Many criminal defense attorneys are concerned about Plohetski’s misleading claims. In response to the article, judges have made it more difficult for defendants to obtain personal bonds.  And in response to Plohetski calling for more District Attorney involvement, the DA is trying to become more involved. Yet, this is redundant in that the county already pays for a program called Pretrial Services, which assesses whether a personal bond should be granted by investigating an individual’s criminal history and ties to the community, as well as the safety of any victims if the defendant is released.  DA involvement would merely duplicate Pretrial Services’ role, leading to a slower, less efficient process.

Further, Plohetski claims that it is inappropriate for defense attorneys to talk to judges ex parte (without the opposing side present). Chris Perri disagrees, and states that in Travis County, prosecutors talk to judges without the defense attorney present in order to raise bond amounts or add burdensome conditions (such as an electronic monitor).   Also, every judge requires extensive information on each case and reviews the recommendations of Pretrial Services. However, judges can overrule Pretrial Services' recommendations if they see fit.

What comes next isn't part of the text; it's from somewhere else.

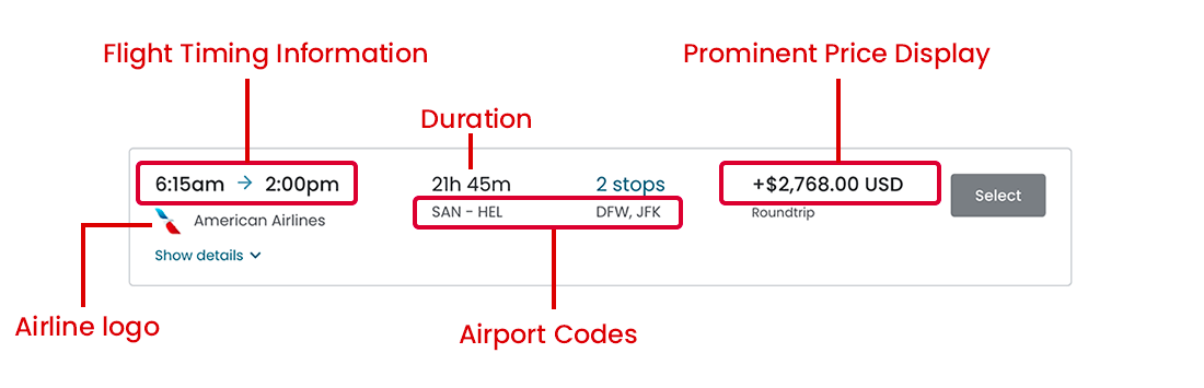 Display all necessary details like flight timing, departure and arrival airport codes, duration, and airlines. The price should be the most visible element on a flight listing to allow users to quickly compare options.

Chris also says, in his experience, the type of bond doesn't matter as to whether or not a defendant will show up for court. It is uncommon for people to commit crimes while on bond, as people understand the severity of the ramifications. Yet, there will always be people who don’t adhere to the rules, regardless of their type of bond.

The progressive Travis County bond system isn’t broken—it just needs to be better understood.